# Exercise description:
Nothing in the records should be changed in the copy, though the pictures must be left out.

# Provided records:
Content starts
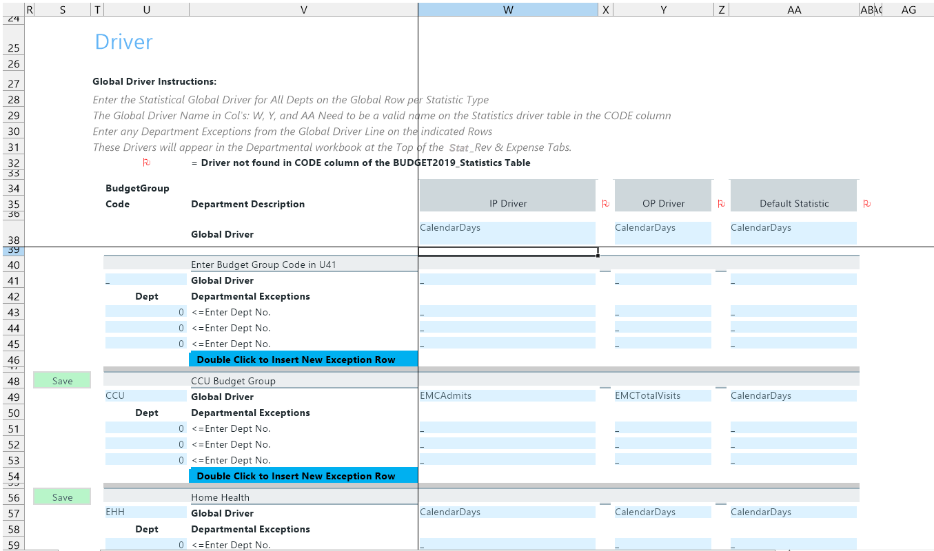 Drivers must be defined in column A on the Statistics sheet in order to be used.
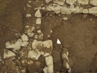 Two additional 10 x 10 foot units were excavated on the exterior of the Triplex foundation. The Exterior East unit 2 outside of Triplex South was placed to uncover evidence of a doorway along the east front of the dwelling. Several large architectural features were exposed during these excavations including a stone wall running north-south (F490), parallel with east wall, and a builder’s trench (F488) that consists of 1930s and original nineteenth-century fill. The Exterior West unit 3 was placed to expose the chimney base of the Triplex Middle. Excavations revealed the original hearth/chimney foundation as well as the discontinuity between the Jackson-era and WPA-era builder’s trench (F493) and foundations. The original stone foundation consisted of large dressed blocks matching those of the mansion and kitchen.
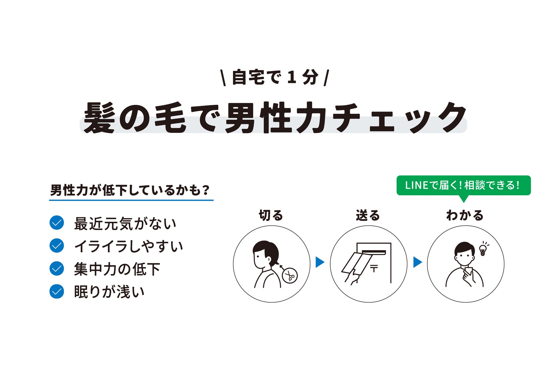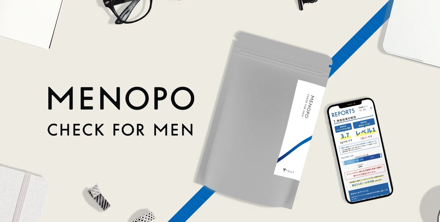 MENOPO CHECK FOR MENでは、あすか製薬メディカルの最新の検査技術を活用し、病院に行くことなく自宅でご自身の髪の毛をカットして送るだけで、検査が可能。結果レポートでは臨床試験で得たテストステロン量の分布からご自身の男性ホルモン、男性力の現状を把握することができます。さらに、男性ホルモンが低下している場合には男性ホルモンを増やすためのアドバイスや、TRULY専門家にLINEで相談することができるサービスも付随しており、結果を送るだけではなく一人ひとりのお悩みにTRULYが寄り添い、課題解決までをカバーいたします。
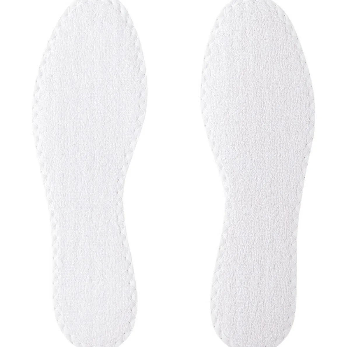 Die Sohle ist aus luftigem Frottee aus 100% Baumwolle hergestellt und dadurch besonders hautfreundlich. Sie bindet die Feuchtigkeit und ist durch die Perforierung besonders luftdurchlässig. Die Unterseite aus Latex-Schaum mit Rillenprofil dämpft jeden Schritt, mindert Fußbrennen und verhindert ein Verrutschen im Schuh.
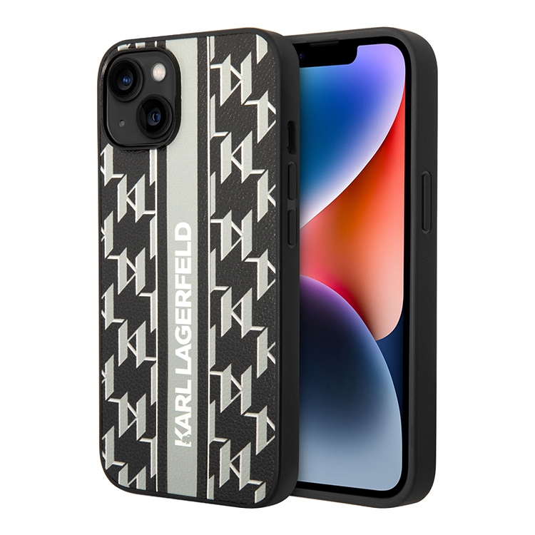 Чехол Lagerfeld PU Monogram w Vertical logo Hard для iPhone 14, серый
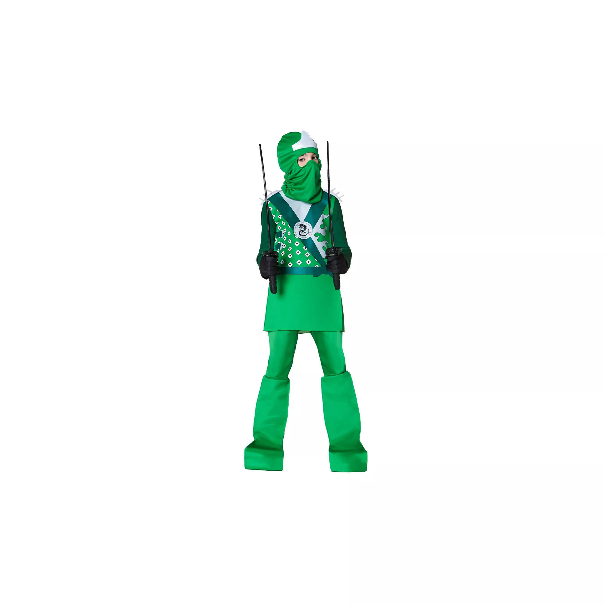 Dominate Halloween when you use your fighting skills and stealth while wearing the Green Ninja Fighter Child Costume. This green top features ninja character graphics and attached shoulder spikes, complete with matching pants with boot covers and a green ninja hood.
Content ends
# Answer for the task:
 Drivers must be defined in column A on the Statistics sheet in order to be used.
 Two additional 10 x 10 foot units were excavated on the exterior of the Triplex foundation. The Exterior East unit 2 outside of Triplex South was placed to uncover evidence of a doorway along the east front of the dwelling. Several large architectural features were exposed during these excavations including a stone wall running north-south (F490), parallel with east wall, and a builder’s trench (F488) that consists of 1930s and original nineteenth-century fill. The Exterior West unit 3 was placed to expose the chimney base of the Triplex Middle. Excavations revealed the original hearth/chimney foundation as well as the discontinuity between the Jackson-era and WPA-era builder’s trench (F493) and foundations. The original stone foundation consisted of large dressed blocks matching those of the mansion and kitchen.
 MENOPO CHECK FOR MENでは、あすか製薬メディカルの最新の検査技術を活用し、病院に行くことなく自宅でご自身の髪の毛をカットして送るだけで、検査が可能。結果レポートでは臨床試験で得たテストステロン量の分布からご自身の男性ホルモン、男性力の現状を把握することができます。さらに、男性ホルモンが低下している場合には男性ホルモンを増やすためのアドバイスや、TRULY専門家にLINEで相談することができるサービスも付随しており、結果を送るだけではなく一人ひとりのお悩みにTRULYが寄り添い、課題解決までをカバーいたします。
 Die Sohle ist aus luftigem Frottee aus 100% Baumwolle hergestellt und dadurch besonders hautfreundlich. Sie bindet die Feuchtigkeit und ist durch die Perforierung besonders luftdurchlässig. Die Unterseite aus Latex-Schaum mit Rillenprofil dämpft jeden Schritt, mindert Fußbrennen und verhindert ein Verrutschen im Schuh.
 Чехол Lagerfeld PU Monogram w Vertical logo Hard для iPhone 14, серый
 Dominate Halloween when you use your fighting skills and stealth while wearing the Green Ninja Fighter Child Costume. This green top features ninja character graphics and attached shoulder spikes, complete with matching pants with boot covers and a green ninja hood.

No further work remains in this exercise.